Tapi, aku mengurungkan niatku karena tiba-tiba seorang lelaki besar menghampiri
nya. Kurasa itu Ayahnya.
Entah
apa yang ia katakan, anak itu menangis makin keras. Hingga akhirnya lelaki itu
menggendongnya meski si anak terus meronta sambil memukuli pundaknya. Sekilas
aku berpikir ia penculik jika aku tak ingat kalau ini ada di tengah keramaian
jalan raya. Bahkan seorang pengendara sepeda motor ikut berhenti untuk
menyaksikan kejadian dramatis itu.
Aku
kembali ke dunia kenangan ku. Kala itu aku juga menangis sekeras anak tadi. Di
depanku ada Zidan yang terbaring di aspal dengan darah mengucur deras dari
kepalanya.
Sebuah
sepeda motor menabrak kami yang tengah berjalan di trotoar. Dan Zidan, ia yang
melindungiku. Itu berlalu dengan cepat. Aku hanya ingat setelah ia menyatakan
perasaannya yang tertahan, aku tersungkur di semak pinggiran jalan. Dan begitu
aku menoleh ke arahnya, ia telah berguling di aspal itu.
Bahkan
sekarang aku tak ingat lagi kejadian itu. Yang jelas sejak waktu itu aku tak
bisa bicara karena syok. Hingga sekarang.
Aku
berhenti di persimpangan.

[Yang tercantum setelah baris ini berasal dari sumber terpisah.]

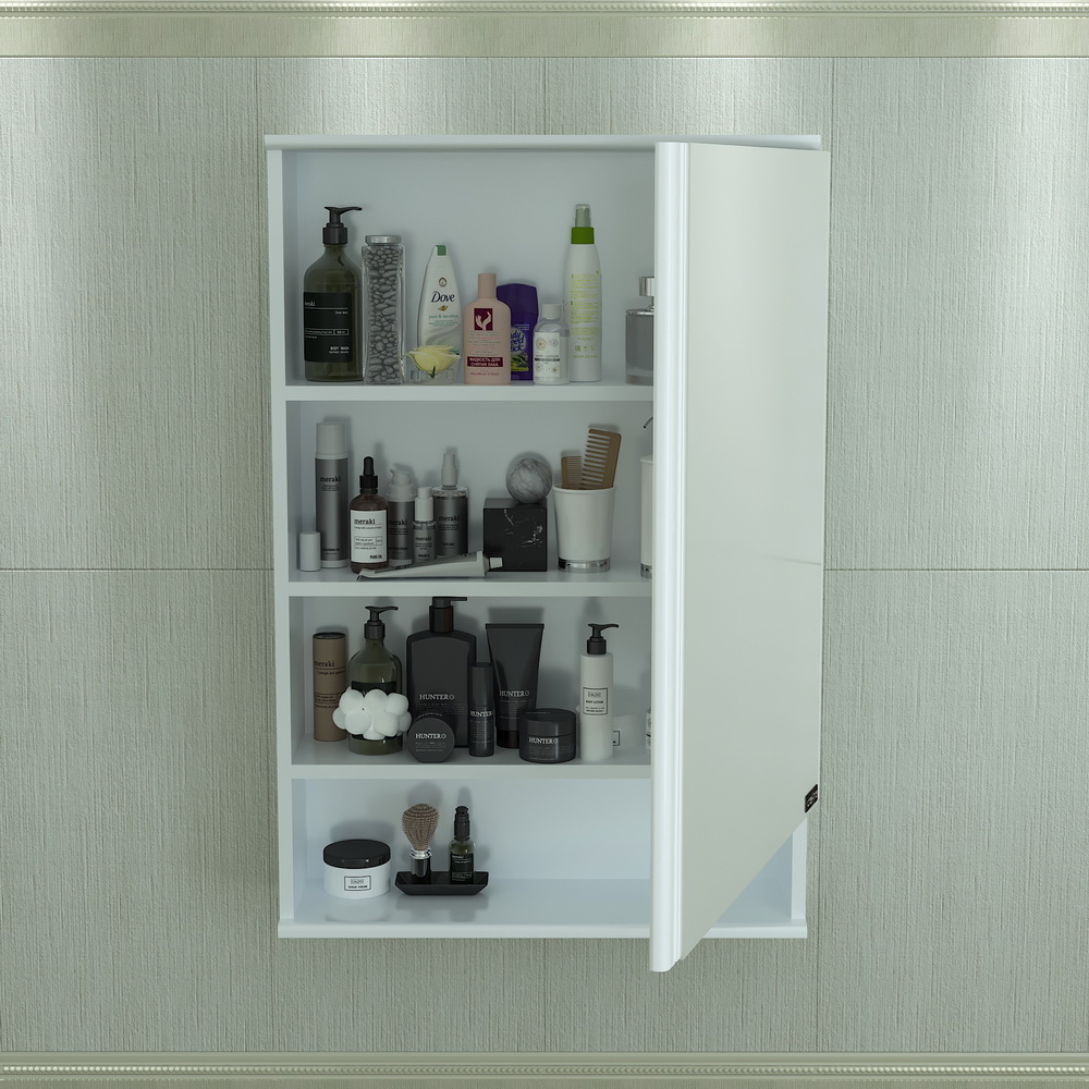 Внутреннее пространство оснащено полками и дверками, которые позволяют рационально распределять предметы гигиены, косметику и бытовые аксессуары. Полки выдерживают умеренные нагрузки и обеспечивают быстрый доступ к нужным вещам. Зеркальная поверхность совмещает функции отражения и хранения, экономя пространство и упрощая организацию ванной комнаты. Монтаж осуществляется с помощью комплектного крепежа, обеспечивая надежное и безопасное закрепление на стене. Зеркало-шкаф рассчитано на бытовое применение и имеет гарантию 3 года, что подтверждает качество материалов и сборки.

Jalan ke kanan adalah jalan menuju rumahku. Tapi, aku
malah ingin pergi ke jalan sebaliknya. Aku pun mengikuti hatiku dan akhirnya
sampai di sebuah taman pemakaman. Lalu, hujan turun dengan deras.
Setelah
kejadian itu, Zidan pergi. Dan tak akan kembali.
Zidan,
satu-satunya lelaki yang pernah mengisi hatiku. Yang selalu bisa membuatku
tersenyum. Selalu mengisi hariku di balutan dunia putih biru.
Zidan,
terimakasih karena telah mewarnai setiap hariku bahkan saat kau tak ada. Kau
akan selalu hidup di dalam kenangan satu jalanku ini.